NAME SIZE ALLOC FREE CKPOINT EXPANDSZ FRAG CAP DEDUP HEALTH ALTROOT
Pool 74.2T 20.9T 53.3T - - 2% 28% 1.00x ONLINE /mnt
raidz3-0 72.7T 20.9T 51.9T - - 2% 28.7% - ONLINE
gptid/e6a453ca-90cf-11eb-acc9-ac1f6b738b00 9.09T - - - - - - - ONLINE
gptid/e7dfdfc1-90cf-11eb-acc9-ac1f6b738b00 9.09T - - - - - - - ONLINE
gptid/e85bad6d-90cf-11eb-acc9-ac1f6b738b00 9.09T - - - - - - - ONLINE
gptid/6e4220ac-c6b0-11ed-88d6-ac1f6b738b00 9.09T - - - - - - - ONLINE
gptid/e97464f9-90cf-11eb-acc9-ac1f6b738b00 9.09T - - - - - - - ONLINE
gptid/e98fe8b5-90cf-11eb-acc9-ac1f6b738b00 9.09T - - - - - - - ONLINE
gptid/e9d3abb0-90cf-11eb-acc9-ac1f6b738b00 9.09T - - - - - - - ONLINE
gptid/ea54f6eb-90cf-11eb-acc9-ac1f6b738b00 9.09T - - - - - - - ONLINE
special - - - - - - - - -
mirror-2 1.45T 25.8G 1.43T - - 14% 1.73% - ONLINE
da6p1 1.46T - - - - - - - ONLINE
gptid/65cf991f-90d0-11eb-acc9-ac1f6b738b00 1.46T - - - - - - - ONLINE
gptid/6602f626-90d0-11eb-acc9-ac1f6b738b00 1.46T - - - - - - - ONLINE
logs - - - - - - - - -
gptid/b4029892-c0d0-11eb-a3ed-ac1f6b738b00 93.2G 1.65M 93.0G - - 0% 0.00% - ONLINE
cache - - - - - - - - -
gptid/66d6684f-90d0-11eb-acc9-ac1f6b738b00 932G 929G 2.58G - - 0% 99.7% - ONLINE
Cool.I wanted to demonstrate that for pools which already have a sVDEV it’s fairly trivial to figure out how much is being used for planning reasons. In your case, it’s 25.8G
Reporting this somewhere in the UI is a feature request I’d happily vote for if you want to make it.
special - - - - - - - - -
mirror-2 1.45T 25.8G 1.43T - - 14% 1.73% - ONLINE
da6p1 1.46T - - - - - - - ONLINE
gptid/65cf991f-90d0-11eb-acc9-ac1f6b738b00 1.46T - - - - - - - ONLINE
gptid/6602f626-90d0-11eb-acc9-ac1f6b738b00 1.46T - - - - - - - ONLINE
I’ll amend more this weekend and look into your script also. In the meantime, I have a deadline I have to meet. Thank you for your help.

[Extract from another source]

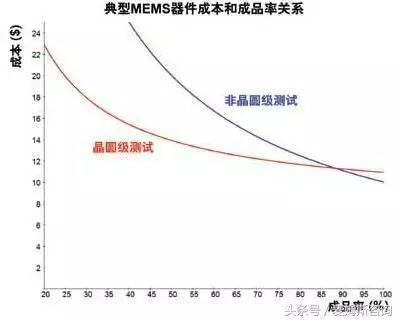 正如引言所说,一般MEMS产品的成品率比IC产品要低很多,成本分析发现60%~80%的制造成本来自于封装阶段,图1中当成品率为50%时,采用晶圆级测试的芯片能节省30%总成本,可见采用晶圆级测试技术,可以极大降低MEMS量产成本,提高器件可靠性。
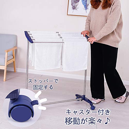 室内タオル干しハンガーです、キャスター付き移動便利、工具不要で簡単に組立できます。少なくても大判のバスタオルは5枚、又はフェイスタオル10枚を干せることができます。通風性良好、乾きやすいです。

Dumb question - when writing to a single-VDEV rust, what are your transfer speeds like these days? Over 10GbE I recently transferred some large files to 1M recordsize dataset and was amazed at 400MB/s transfer speeds. Is that common now or is the sVDEV impacting this?
I max my 1Gbps copper
Fascinating. I’m only running a single VDEV, so I would have expected your system to be performing closer to 10GbE. Perhaps the NAS was busy with other stuff?